Не помню деталей, как решался вопрос о моем путешествии к деду на хутор — то ли сам дед попросил отпустить меня «погостевать», то ли я родителям поднадоел своими шалостями (и так бывало), но только то поистине историческое решение было принято, и в достопамятный день ранехонько, на самом-самом рассвете, меня, еще недоразбуженного, закутанного в нечто теплое, усадили рядом с любимым дедулей, и мы тронулись…

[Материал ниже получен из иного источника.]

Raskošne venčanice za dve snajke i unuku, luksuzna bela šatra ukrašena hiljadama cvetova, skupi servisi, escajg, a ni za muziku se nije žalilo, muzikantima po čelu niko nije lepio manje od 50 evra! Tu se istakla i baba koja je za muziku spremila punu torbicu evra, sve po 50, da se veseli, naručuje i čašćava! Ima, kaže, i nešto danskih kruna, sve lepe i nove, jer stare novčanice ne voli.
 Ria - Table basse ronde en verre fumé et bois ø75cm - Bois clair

Рассказывая впоследствии об этом путешествии — а я периодически по просьбе домашних повторял свое повествование в течении многих лет — я разбивал свой рассказ на эпизоды, а между ними неизменно повторял: «и это, значит, мы едем…», подчеркивая тем самым непрерывность нашего с дедом движения. И домашние, когда хотели послушать мою байку, просили: «А ну, расскажи, как это вы с дедом, значит, ехали!».
Итак, «значит, мы — едем»… До восхода солнца было прохладно. По низинам кое-где еще не растаял голубоватый туман, деревья и кустарники, росшие вдоль дороги, были неприветливо нахохлившимися, сонными.

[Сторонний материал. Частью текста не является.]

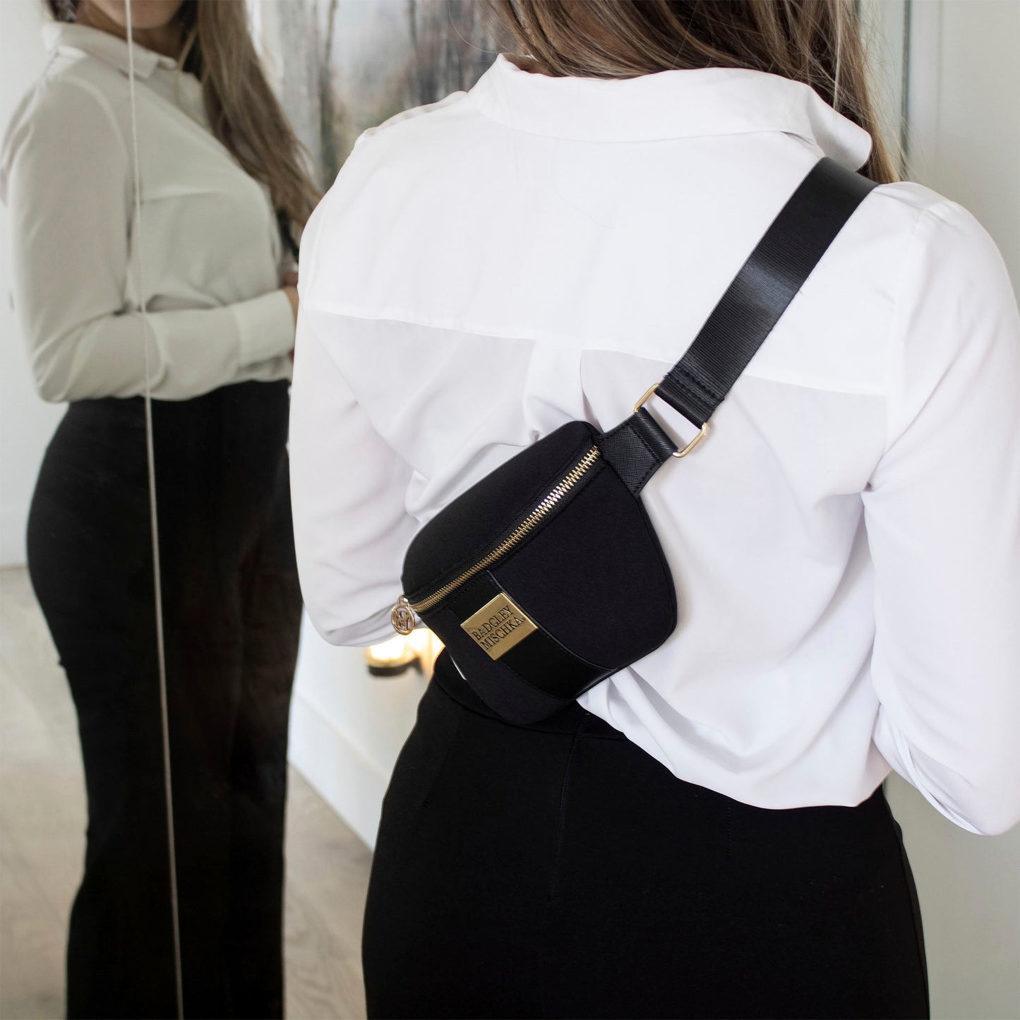 Step up your travel style game with our streamlined and sleek belt bag, perfect for your next adventure. Our versatile and durable bag is made of high-quality Saffiano vegan leather materials and neoprene that are water-resistant and always in style.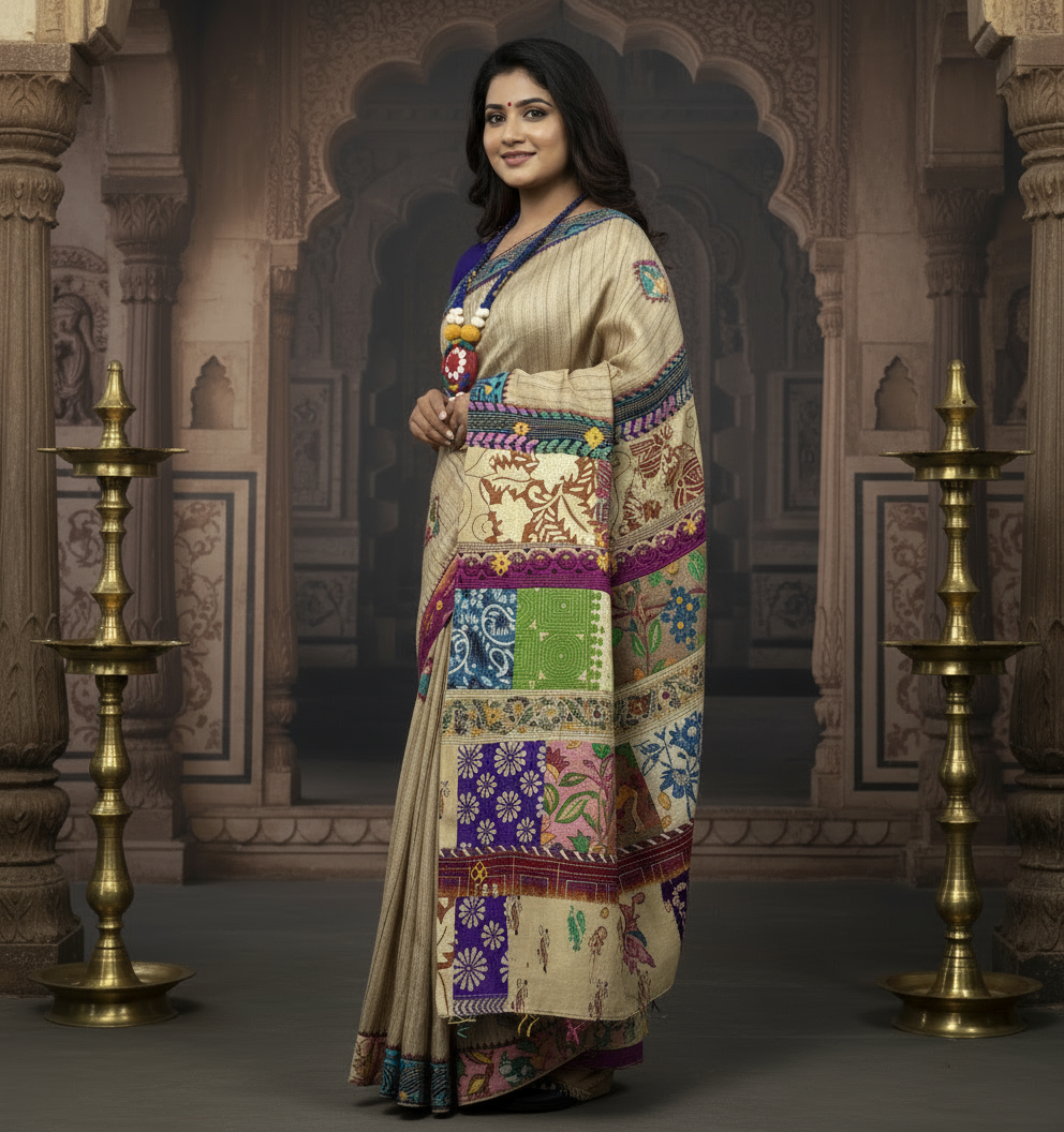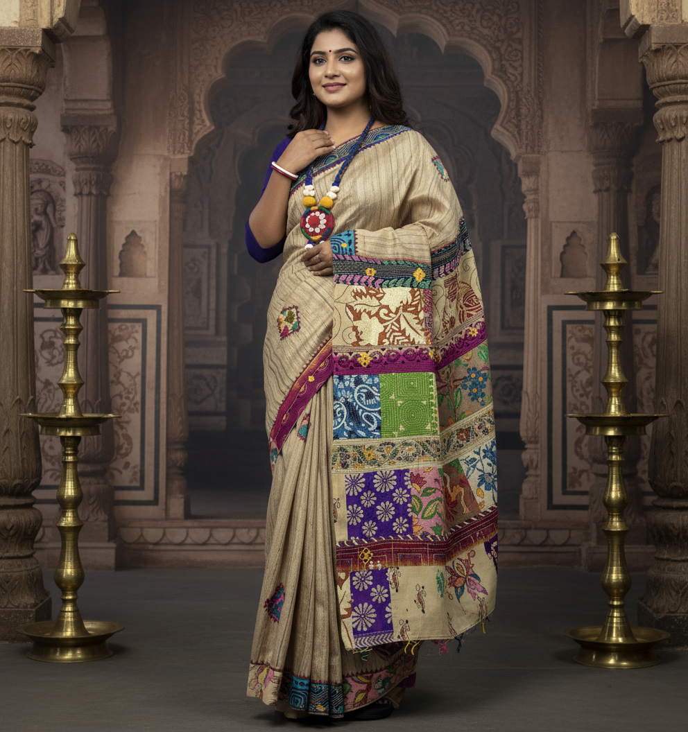 Ghicha Tussar Saree with Multi-Colour Appliqué and Kantha Stitch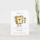 Cette carte humoristique avec le texte "Voici un petit toast à votre nouvelle maison" et une illustration mignonne de toast buvant du champagne est parfaite pour envoyer vos vœux de bienvenue à quelqu'un qui apprécie l'humour et/ou l'art de dessin animé kawaii. Comme le texte peut être modifié, vous pouvez utiliser la carte pour d'autres occasions. Cliquez sur "Personnaliser ce modèle" pour personnaliser le message et les noms. Si vous souhaitez modifier les couleurs des textes, allez dans "Modifier à l'aide de l'outil de conception".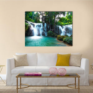 Immerse yourself in the calming beauty of the Than Sawan Waterfall, surrounded by lush greenery and tranquil forest scenes. The refreshing palette of greens and blues captures the serene essence of nature, making it an ideal addition to any wall decor.

Первое, что я увидел для себя необычное — огромное водное пространство — плавню. Не заросшее зеленым травяным лесом заболоченное место, где и воды-то никакой не видно, а покойно лежащее на земле сизоватое зеркало, в котором отражалось небо. По зеркалу кое-где, словно мухи по потолку, неспешно двигались птичьи стайки… Потом у самой закраины этого водяного чуда стали появляться остроносые головы цапель и, подхватив со дна нечто невидимое, снова замирали в гордом спокойствии. Откуда-то прилетели маленькие серенькие птички, шустро забегали по самому берегу, промышляя что-то свое, непонятное…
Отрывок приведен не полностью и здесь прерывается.